На земле живых - Михайлова Ольга Николаевна 16 стр.


  - О Иисусе сладчайший, человеческого рода искупителю, милостиво призри на нас, к престолу Твоему со смирением припадающих. Мы - Твои и хотим быть Твоими... Тебя многие никогда не знали, от Тебя многие отреклись, презрев заповеди Твои, сжалься над теми и над другими... Будь Царем, Господи, не только верных, никогда не оставлявших Тебя, но и блудных сынов, ушедших от Тебя... - Эммануэль поднялся и только тогда увидел Сирраха.

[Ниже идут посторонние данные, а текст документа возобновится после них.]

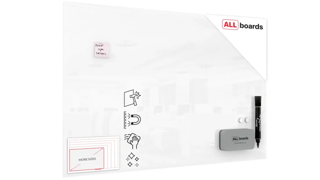 Le tableau en verre magnétique et effaçable à sec peut être utilisé de différentes manières - écrivez dessus avec n'importe quel type de marqueur ou fixez des notes importantes avec des aimants en néodyme. Grâce à lui, vous gagnez en productivité en organisant les informations clés. C'est également un endroit idéal pour les dessins créatifs et les notes détaillées, que vous pouvez facilement effacer à l'aide d'une éponge ou d'un chiffon dès que vous n'en avez plus besoin. Ainsi le tableau est très facile à entretenir.

  Тот спросил, глядя на Ригеля исподлобья:

  - Разве Ему нужны твои молитвы?

  Со времени их почти четырехмесячного пребывания в Меровинге это были первые слова Риммона, напрямую обращённые Сиррахом к Ригелю. Эммануэль опустил глаза и тихо проговорил:

  - Он - бессмертие. Молитва - соединение с Ним. Это нужно мне.

  Риммон улыбнулся. Он не понимал, но мирный покой души, установившийся столь нечаянно, разрушать не хотелось. Они вместе вышли из храма и побрели по заснеженному двору в свой корпус. Неожиданно Риммон спросил:

  - А где ты научился писать стихи?

  Ригель робко пожал плечами и сказал, что воспитывался в доме священника, любившего поэзию. Сам он начал сочинять ещё в детстве. Они подошли к спальням, и Эммануэль, повинуясь приглашающему мановению руки Риммона, прошёл в его апартаменты. Он никогда здесь раньше не был. Вся комната - темно-красные портьеры, глубокие кресла с вольтеровскими спинками, деревянные шкафы, доверху набитые старинными фолиантами, мрачные картины в тёмно-бордовой и буро-зелёной гамме, черепа на столе - всё носило на себе отпечаток личности хозяина.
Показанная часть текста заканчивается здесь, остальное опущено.